На улице стоял теплый сентябрьский вечер, уже темнело и мне пришлось добираться домой пешком, так как на последний автобус я уже опоздала. Я была тепло одета, но всё равно была уверена, что отец скажет мне, что я одета не по погоде. Практически дойдя до дома, я сбавила шаг. Свет горел только в гостиной, значит они уже сели ужинать. Я тихо приоткрыла входную дверь, свет зажегся автоматически. Пока я снимала пальто и сапоги, не услышала ни звука из комнат. На секунду мне показалось, что я совсем одна. Я пошла помыла руки, а затем прошла вглубь дома, и увидела там то, что вижу каждый вечер. Каждую неделю, месяцы. С левого края стола сидел отец в лиловой рубашке, клетчатой жилетке и серых офисных штанах. Видимо, он тоже недавно пришел с работы. Он работает инженером на фабрике по производству машинных деталей. На другом конце сидела моя мама. Отец смотрел на неё. Сегодня стало ещё хуже. Она была одета в какую-то старую пижаму салатово-желтого цвета с красными цветочками, будто бы это могло приукрасить столь ужасную вещь. Отец не любил такие яркие вызывающие наряды. Пижама свисала на ней как тряпка, только немного зацеплялась за худые плечи. На столе стоял графин с компотом, салат из сельдерея и картошка, печенная в духовке.

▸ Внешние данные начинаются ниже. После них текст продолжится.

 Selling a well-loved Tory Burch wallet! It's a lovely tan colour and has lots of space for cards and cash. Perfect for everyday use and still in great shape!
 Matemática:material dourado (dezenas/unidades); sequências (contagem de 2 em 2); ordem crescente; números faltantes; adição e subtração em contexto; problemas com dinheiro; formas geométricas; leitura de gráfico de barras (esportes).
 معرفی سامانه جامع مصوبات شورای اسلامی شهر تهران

– Извините, я опоздала, – тихо сказала я, боясь каким-то образом спугнуть маму.

Молчание не прерывалось даже после моего появления. Я поспешно села за стол в центр. У нас был продолговатый деревянный стол овальной формы. Я посмотрела на отца. Он устало смотрел то на маму, то в свою тарелку о чём-то задумываясь. Моя же мама наоборот. Её взгляд был рассеянным, безучастным. Бледное лицо, темные круги под глазами, глубокие морщины. В ней уже было сложно увидеть утонченную, добродушную и глубоко верующую христианку. Вместо женщины, которая меня любила и воспитывала, уже сидела разбитая, скорбящая тень.

– Надо помолиться, – вдруг громко сказал отец, протягивая мне руку.

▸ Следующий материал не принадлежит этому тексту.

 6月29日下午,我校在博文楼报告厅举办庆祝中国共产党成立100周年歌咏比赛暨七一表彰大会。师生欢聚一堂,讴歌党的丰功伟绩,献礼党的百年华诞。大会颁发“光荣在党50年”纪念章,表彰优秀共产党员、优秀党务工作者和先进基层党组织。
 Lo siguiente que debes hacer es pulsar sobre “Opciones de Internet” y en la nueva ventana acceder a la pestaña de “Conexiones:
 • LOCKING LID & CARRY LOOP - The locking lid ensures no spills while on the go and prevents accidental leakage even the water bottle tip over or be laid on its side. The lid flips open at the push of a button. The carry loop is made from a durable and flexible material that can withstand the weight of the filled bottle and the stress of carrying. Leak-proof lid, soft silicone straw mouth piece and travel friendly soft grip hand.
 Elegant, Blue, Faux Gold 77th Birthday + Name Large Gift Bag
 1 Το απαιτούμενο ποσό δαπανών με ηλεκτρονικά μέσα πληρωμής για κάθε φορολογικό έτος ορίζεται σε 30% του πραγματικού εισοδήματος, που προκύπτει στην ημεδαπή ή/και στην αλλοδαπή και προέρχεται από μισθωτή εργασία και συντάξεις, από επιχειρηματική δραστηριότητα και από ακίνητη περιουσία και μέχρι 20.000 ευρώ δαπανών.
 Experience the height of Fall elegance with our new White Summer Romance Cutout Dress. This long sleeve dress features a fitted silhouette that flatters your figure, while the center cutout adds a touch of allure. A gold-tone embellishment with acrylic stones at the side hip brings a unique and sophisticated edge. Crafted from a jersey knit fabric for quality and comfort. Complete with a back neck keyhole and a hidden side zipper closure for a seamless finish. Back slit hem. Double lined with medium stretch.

Его карие глаза упорно смотрели на маму, но та не проронила ни слова. Она подняла свои глаза полны печали, посмотрела сначала на отца, а потом на меня. Как тут же, некогда сухие голубые глаза начали наполняться слезами. Они сморщились, стали маленькими и утонули где-то на лице. Огромные капли соленых слез стекали по щекам и капали с подбородка.

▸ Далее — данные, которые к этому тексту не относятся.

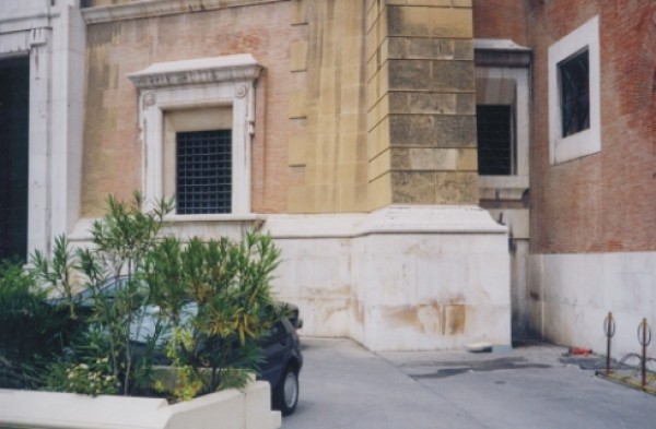 | Contrassegni | [{"simbolo_contrassegno":"P3","materializzazione":"(CSO) ( A : NON MISURABILE ) Pozzetto sito a destra dell'ingresso principale del Municipio di Foggia, nell'angolo formato fra il pilastro ed il muro della scalinata destra."},{"simbolo_contrassegno":"V1","materializzazione":"(CSV) Mensola infissa sul muro del Municipio in corrispondenza del pozzetto."}] |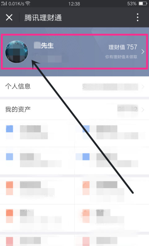 4、我的页面中,点击自己的头像(在右侧会提示你:理财值未领取),如图所示,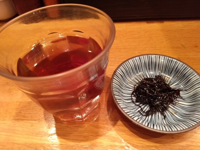 はじめに麦茶と、キュウリの浅漬けを出していただける。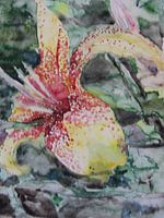 Aquarel van een bloeiende lelie in geel en bordeaux tegen een achtergrond van groene planten en bladeren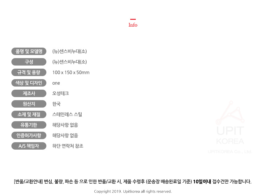 • 초기제품 이상의 경우 동일한 제품으로 1:1 교환원칙, 사용후 제품이상은 A/S를 원칙으로 합니다.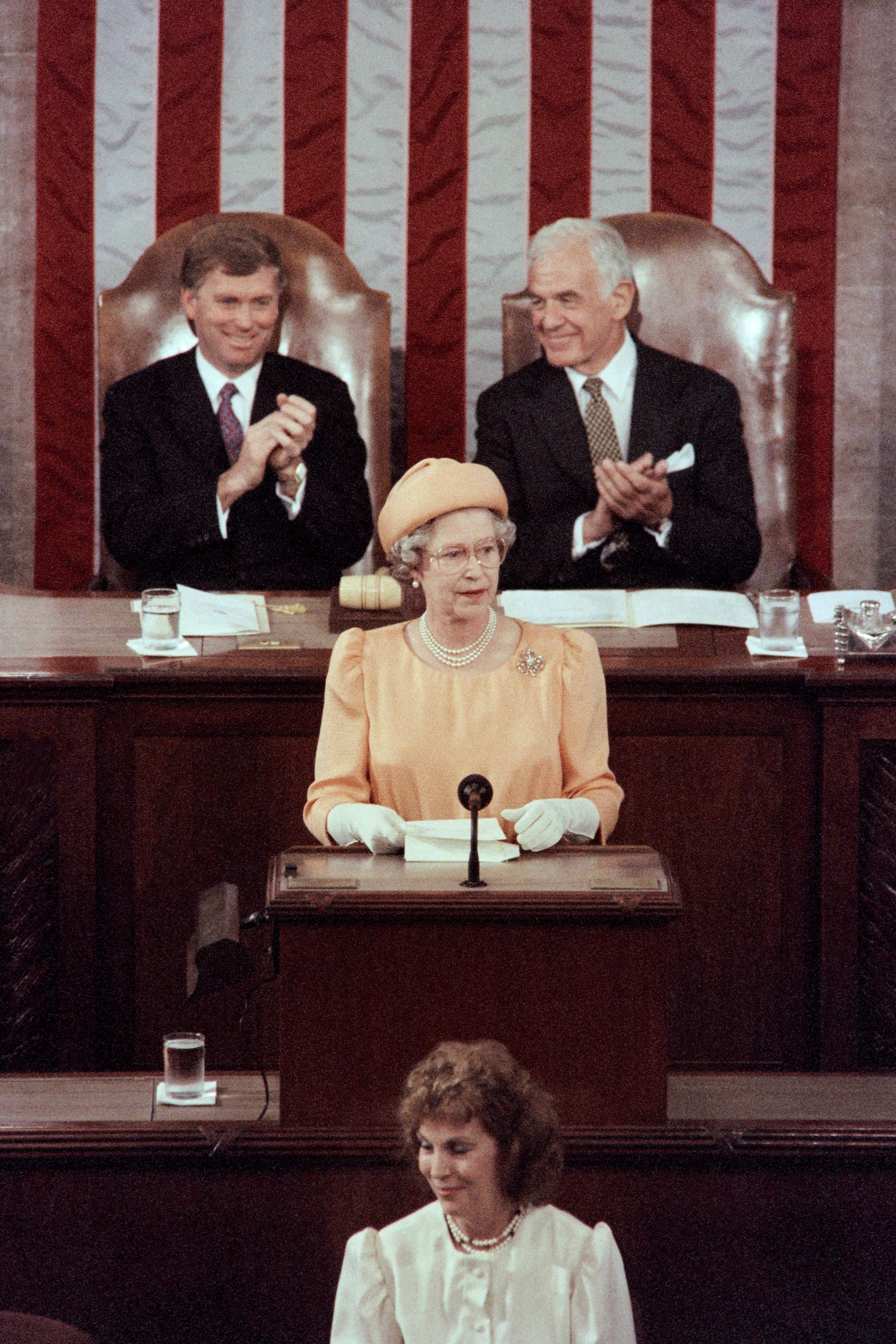 Pictured: Queen Elizabeth II's historic address to congress in 1991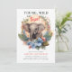 Young Wild Three 3rd Birthday Kids Cute Elephant Invitation
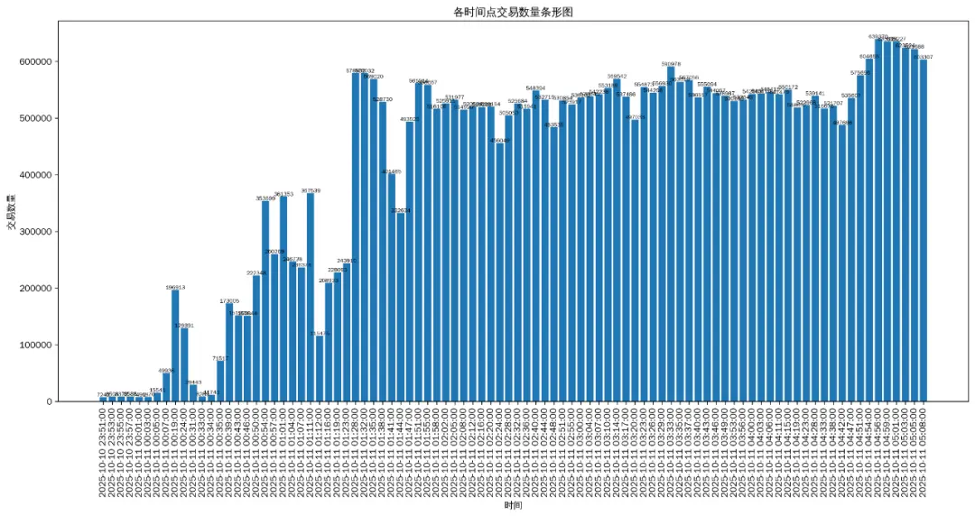 由Beosin统计制作在10月11日04:56,Batch#55743处理交易数达到最大值,2分钟内完成了639370笔交易,是平常时段每分钟处理交易数的79.8倍。通过统计Lighter本次事件的数据我们发现,Lighter的Batch最多可容纳1600个区块,其区块最多可容纳500笔交易,其理论可处理交易笔数为800000/Batch,而实测最高为639370。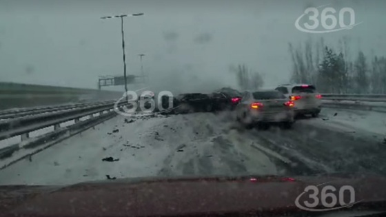 Более 60 автомобилей столкнулись на трассе в Новгородской области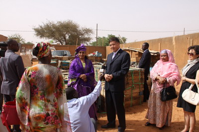 2015年3月31日,中国驻尼日尔使馆向尼“援助贫困家庭”基金会捐赠一批磨面机。驻尼日尔大使石虎夫妇、尼总统夫人玛丽嘉等出席交接仪式。

– Мам… – почти шепотом проговорила я.

– Пусть плачет, – так же громко добавил отец. – Ей уже и молитвы не помогают.

И только сейчас я заметила темно-синее пятно у неё на правом виске. Это был синяк, ещё свежий. За эту неделю я насчитала у неё уже два таких. Один на плече, появился во вторник, а второй в пятницу. Сегодня. Я знала, что если протяну ей руку, она её не возьмет, знала, что если начну её успокаивать, ей это не поможет. С каждым днем она все дальше уходила в свои мысли. Она уже не готовила завтраки, ужины. Иногда бывало приготовит обед, но только если на секунду забудет о том горе, что она пережила. Но разве о таком можно забыть?! Прошло уже семь месяцев, а я до сих пор помню тот запах духов, которые были на ней в тот вечер. Помню каждое её слово, которое она сказала мне. Я не плачу уже давно, но если бы сейчас я могла показать хотя бы маленький кусочек своих чувств, то утонула бы полностью в собственных слезах. Она потеряла дочь, я потеряла сестру. Отец немного сжал мою руку. От чего я перевела свой взгляд на него.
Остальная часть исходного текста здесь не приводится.